In space, though, water is far too important to spend on such luxuries. Carrying fresh water into space takes up valuable cargo space and weight. On board the International Space Station and during Space Shuttle missions, NASA has to conserve as much water as possible.

One way to maximize water usage is to collect, clean and reuse wastewater from the sink, shower, the Shuttle's fuel cells, and even from urine and condensation.

"We're trying to move toward a biological treatment method -- using bacteria to help cleanse the water," explained Tony Rector, a bioprocess engineer with Dynamac, the Life Services Support contractor at NASA's Kennedy Space Center in Florida. "An efficient biological treatment method would require much less mass and energy than the physical and chemical water treatment processes used now on the Shuttle and the Station."

One such research project underway at KSC's Space Life Sciences Lab is the Aerobic Rotational Membrane System (ARMS), part of the Center's Resource Recovery research.

The ARMS water recovery system in testingInside the clear plexiglass ARMS reactor vessel, 115 tubes, called membranes, deliver gaseous oxygen to a community of bacteria. But believe it or not, this is a good thing! Fed by the oxygen, thin films of beneficial bacteria, called biofilms, grow across the membranes' surface and help cleanse the water.

Image to left: Bioprocess engineer Tony Rector monitors the Aerobic Rotational Membrane System (ARMS) in the Resource Recovery lab at Kennedy Space Center. His hand rests at the top of the reactor vessel. Inside, a series of 115 rotating membranes stretches to the bottom. Credit: NASA/KSC

Biological treatment reactors aren't anything new, but there's something unique about the one at KSC.

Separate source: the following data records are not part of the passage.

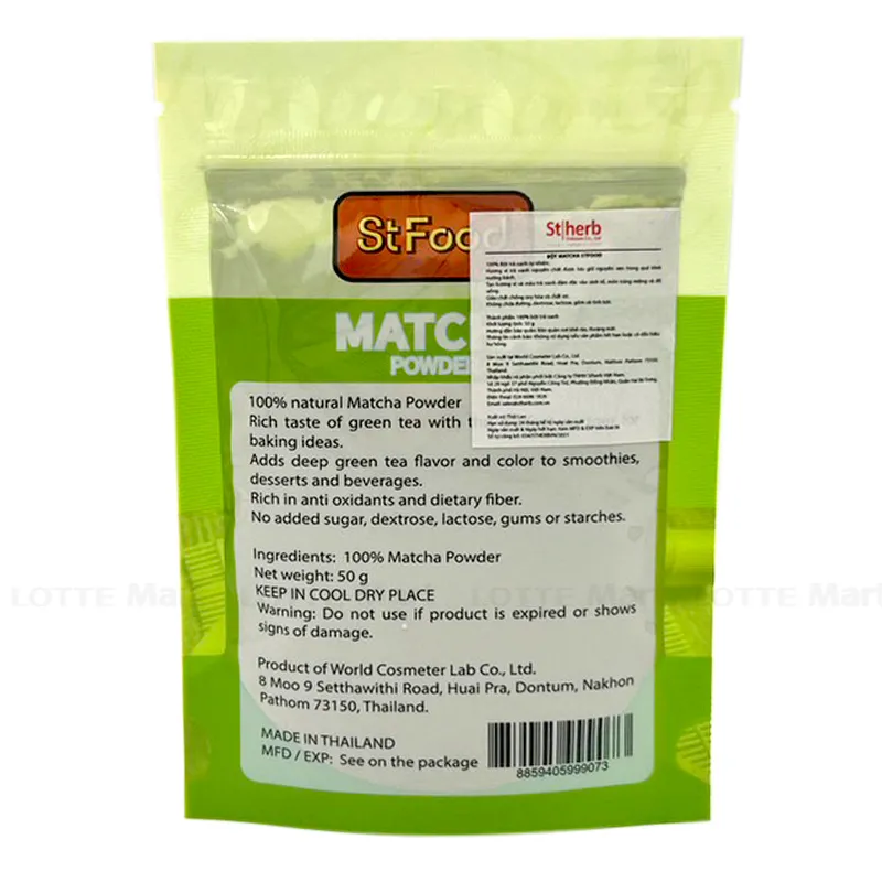 • Bột Trà Xanh ST Food Gói 50G có vị trà mạnh, thanh thanh, hậu ngọt, không chát, ít đắng. Sản phẩm có thành phần từ 100% bột trà xanh nguyên chất giúp bạn lưu trữ trọn vẹn hương vị trà xanh trong quá tình nướng bánh.
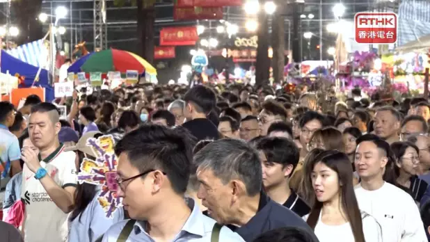 全港14個年宵市場通宵開放至今早7時,最大規模的維園年宵市場,踏入馬年後,繼續有大批市民排隊入場,午夜過後人頭湧湧。食環署網頁顯示,維園午夜人流情況為紅燈,代表維園非常擠迫,排隊入場時間會十分長。
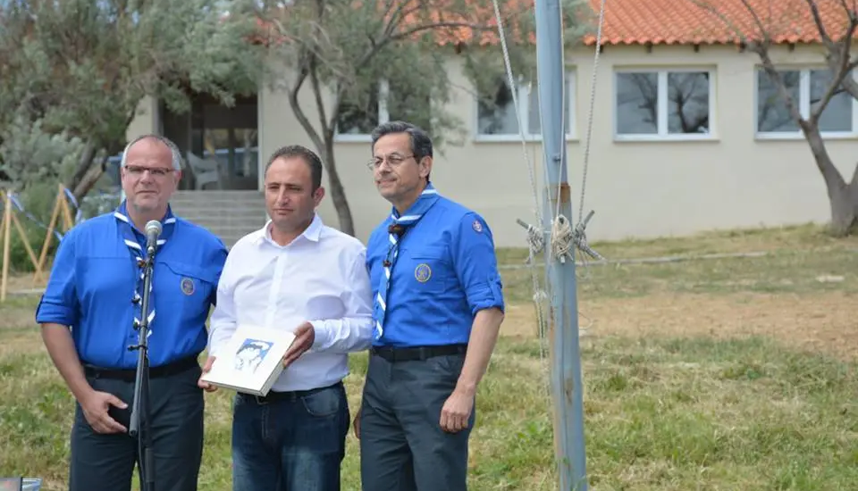 Η φωτογραφία με τον Άγγελο στο κέντρο να βραβεύεται από το Σώμα Ελλήνων Προσκόπων για την συμβολή του κατά την διάρκεια των εγκαινίων της Αλκυώνας.
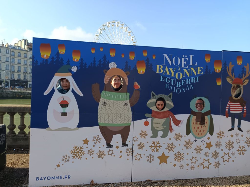 Una vez en Bayona, visitamos la noria gigante y el mercado navideño con sus puestos llenos de productos que nos hicieron la boca agua. Nos hicimos muchísimas fotos divertidas y comimos estupendamente.
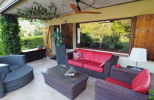 ¡Una casa de ensueño! Cuando entres en el camino de entrada experimentarás inmediatamente una sensación de amplitud, libertad y tranquilidad absoluta. Esta casa de ensueño se encuentra en los bellos bosques sobre las colinas de Les Gavarres y a escasa distancia de la preciosa y escarpada costa con hermosas playas. Tienes acceso a dos piscinas: una piscina privada con ducha exterior, tumbonas, una gran casa de juegos, casita de madera con tobogán, columpios, arenero, mesa de ping-pong (no te olvides las palas y las pelotas de ping-pong) y gran tablero de ajedrez exterior. La otra piscina (longitud de 25 m, de pago) está a unos 500 m. Hay una zona para tomar el sol, dos pistas de tenis (de pago) y un bonito restaurante (abiertos solo en temporada alta).
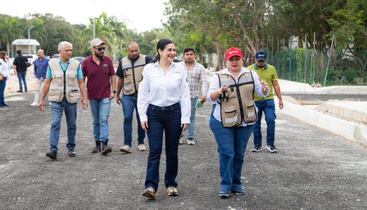 Playa del Carmen.— La presidenta municipal Estefanía Mercado supervisó los trabajos de construcción de 2 mil 700 metros cuadrados de pavimento en la avenida Mayapán, entre avenida Paseo del Mayab y calle Balam, en el fraccionamiento Tumben Chilam, en beneficio de más de 20 mil habitantes de la zona.

"The novelty is that membranes are rotating," Rector said. "Rotation increases our chance of developing biofilms, because as the membranes move, the bacteria are exposed to more of the contaminants they thrive on. As a result, we'll waste less oxygen and use all the space in the reactor, reducing the need for a larger reactor." Ultimately, this innovation could lead to a system that will clean water while freeing up precious cargo space.

Wastewater is pumped in a constant stream from the bottom of the reactor vessel. As the membranes sweep through the water, the bacteria break down and destroy contaminants. As the water emerges from the top of the vessel, chemical characteristics such as pH and the amount of oxygen concentration are monitored and compared to the condition of the water before it entered the vessel.

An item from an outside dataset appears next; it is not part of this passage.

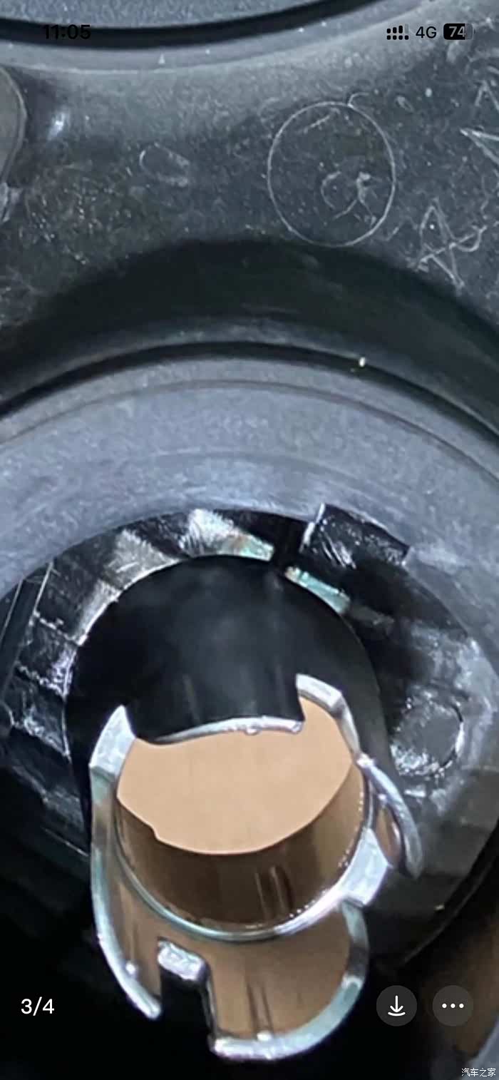 前大灯里的示宽灯卡口如图,拆灯珠需要技巧,用力往后拔即可,空间狭小尽量把旁边的大灯保护罩也拆下。
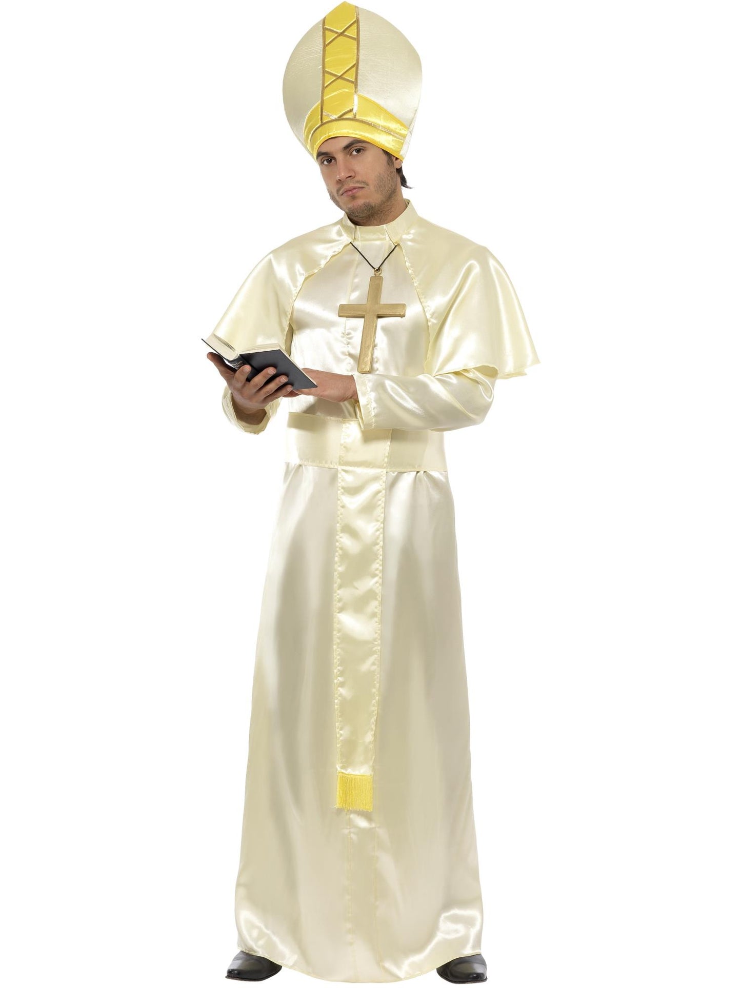 Guarantee your place in Heaven with the Pope Costume. This male fancy dress costume includes a robe, sash, hat, necklace and cape.

Because of the limited storage space available, each Space Station crewmember is rationed two liters of water per day. By comparison, the average Earth-bound American uses about 227 liters, or 60 gallons, daily.

"In space, the waste stream is more highly concentrated than it is on Earth, because so much less water is used," he explained. "So whatever system we end up with needs to be able to handle that increased contaminant load."

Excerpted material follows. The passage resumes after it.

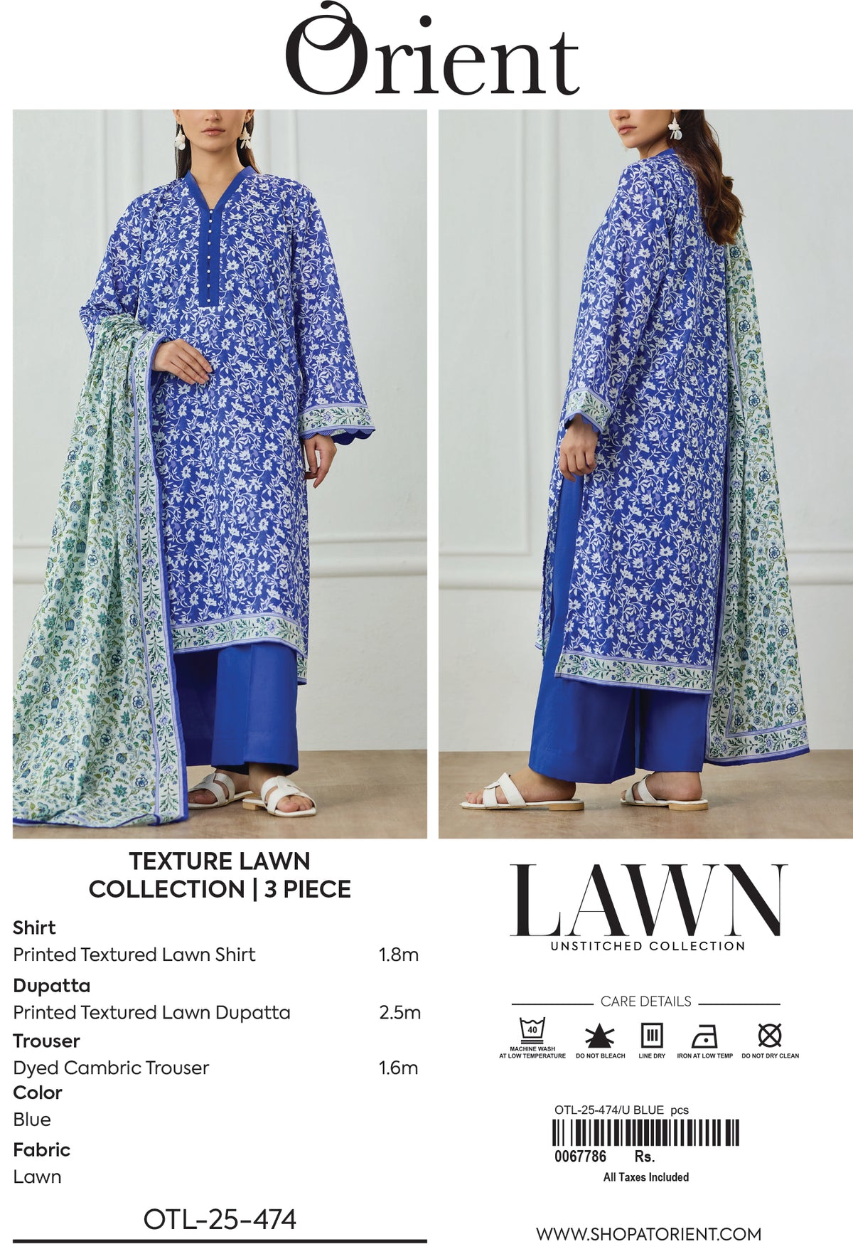 Unstitched | 3 Piece | Printed | Texture Lawn Shirt | OTL-25-474/U BLUE

Astronaut Susan Helms with water storage tanksImage to right: Astronaut Susan J. Helms, Expedition Two flight engineer, sits in front of a large amount of water temporarily stored in the Unity node aboard the International Space Station.
Credit: NASA/JSC.

Previous studies have proven that systems similar to ARMS, but without the rotating mechanism, are robust enough to handle the high concentration of contaminants. Now, scientists are trying to learn more about the effects and benefits of the rotating membranes.

No biological treatment reactors have flown in space yet, but the technology has been extensively ground-tested. Researchers like Rector are trying to improve them to the point that they can also be used for new, gravity-dependent initiatives, such as bases on the Moon or on Mars.

"At the moment, we're focusing on the immediate needs of the Station and the Shuttle in the microgravity environment. But looking ahead, we're thinking of ways to adapt to projects that NASA's vision calls for," Rector explained with a smile. "We're looking ahead."